Лига положила грязный лоскут в ладонь отца и отступила назад. Он догадался обо всем не столько по бурым засохшим пятнам, сколько по ее виноватому лицу.
– Что это?
– А ты как думаешь? – Лига вздернула подбородок.
– Я думаю, что эта кровь еще с прошлого месяца. Так?
– Нет, конечно! – Не далее как вчера вечером она собственными руками поливала тряпку кровью куропатки, которую потом приготовила на ужин.
– Эти пятна не свежие. А ну, покажись.
– Еще чего! – Лига упрямо зажала юбку между ногами.
– Не зли меня, маленькая лгунья!
Отец вскочил с кровати и набросился на нее. При своем росте и весе он двигался на удивление быстро.
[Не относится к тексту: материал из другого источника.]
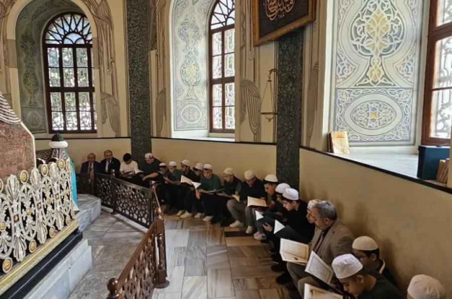 Vakıflar Bursa Bölge Müdürlüğü, Vakıf Haftası dolayısıyla Osman Gazi ve Orhan Gazi Türbelerinde Cuma namazı öncesinde İsmail Hakkı Bursevi Kur'an Kursu öğrencileri ile hatim indirip duasını yaptı.

Последовало два или три удара, ее голова дернулась, в глазах потемнело. Отец пригвоздил задыхающуюся Лигу к стене, задрал ей юбку и выдернул привязанную к поясу материю.
– Сухо! – Он заткнул тряпку обратно и потряс Лигу за плечи. – Сухо, черт побери, как на дне винной бочки!
Он выпрямился и в упор посмотрел на дочь, удовлетворенный знанием правды, полный отвращения, потом наотмашь ударил ее по лицу, сильнее, чем когда-либо прежде. Лига неподвижно лежала на полу и разглядывала бешено крутящийся потолок, думая о том, что Па, вероятно, сломал ей челюсть.
– Говорят, после пары пинков ребенок вылетит, как пробка! – взревел отец. – Пара крепких пинков по пузу, и дело сделано!
Он ударил ее только один раз, но Лига была уверена, что этого достаточно. В отчаянии свернувшись клубком, она молча смотрела на беснующегося отца.
Через некоторое время он опустился на стул и глухо проворчал:
– Где мне теперь взять денег?.. Проклятая брехливая ведьма! Что ты себе думала?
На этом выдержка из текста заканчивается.